Kwyjibo is an experiment in real-time OCR and computer vision.

Here's a short explanation on how it works that might interest those working on something similar. It's worth mentioning that since the project was originally built in 2011, neural networks have become much more useful for this kind of problem, but many of the processing steps can still be useful for similar problems.


Real time OCR
  1. Board Detection
    Find edges of board using colour filtering
  2. Board Extraction & Rectification
    Extract the board's pixel region and then rectify using a quadrilateral transformation
  3. Tile Colour Threshold
    Find tiles by filtering out non-tile colour pixels
  4. Tile Extraction
    Extract tile pixel regions with blob detection
  5. Tile Masking
    Apply the Tile Colour Threshold to the Tile Extraction to mask out unwanted pixels
  6. Adaptive Thresholding
    Use an adaptive threshold to find letter blobs
Real time OCR
  1. Inner Border
    Draw a thick inner border around the boundry to connect unwanted surrounding pixels
  2. Flood-fill Inner Border
    Flood fill will remove the unwanted pixels
  3. Small Blob Removal
    Use blob detection to find and remove small blobs below a threshold
  4. Extract & Rectify Letters
    Use blob detection to extract tile letters and resize, dilate to a standard resolution
  5. Classify Letters
    Use classification algorithms to determine the letters that have been placed
  6. Scrabble Game Logic
    Use the detected letters to find words and score the player respectively

Tile classification was solved with a k-nearest classifier, which worked well but another approach might be to use neural networks for this.
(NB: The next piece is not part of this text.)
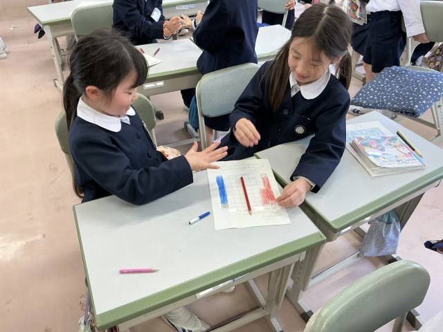 算数では,「2けたのたし算」を行なっています。その中で,筆算について学びました。少しずつ慣れてきています。今回は,じんとりゲームをしました。自分の得点の合計を筆算で求めました。
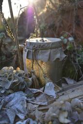 Keywords: winter frost old glass morbid winter light fades wilted flowers

The classifier is given extracted letters from the above process, which have been reduced to a feature vector using a grid based merge approach.
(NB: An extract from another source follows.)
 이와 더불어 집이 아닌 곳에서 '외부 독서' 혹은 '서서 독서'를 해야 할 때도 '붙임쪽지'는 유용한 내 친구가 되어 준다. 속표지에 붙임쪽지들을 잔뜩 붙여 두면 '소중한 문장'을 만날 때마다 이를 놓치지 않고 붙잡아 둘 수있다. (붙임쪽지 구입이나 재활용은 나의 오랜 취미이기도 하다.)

As shown below, grid merge takes a 2D array of features and merges them into a much more compact 1D array. The features are just binary pixels from the threshold step. The 2D feature space is divided into an array of n by n buckets, containing the count of pixels located in each bucket. This 2D array is then flattened to 1D for input into the classifier.

Real time OCR

This reduction approach seems pretty good and runs in O(n), so it works well for real-time, but it also helps improve the robustness of classification by increasing tolerance for slight rotation, skew and other distortions. This is because slight transforms won't alter the bucket pixel counts that much. In Kwyjibo grid merge reduces 1024 binary features (e.g. 32px * 32px) down to 16 integer features (a ~98% reduction) so the system performs far better too.

Real time OCR
Real time OCR

The positioning of the camera is important, the best position is directly above the board, framing it in shot exactly to gain the maximum resolution available. This is tricky without a special camera rig and can cause issues with bright light reflections, since the board is laminated. Mounting the camera at any other position reduces reflections but increases skew. So instead to handle any camera position I implemented board detection and rectification.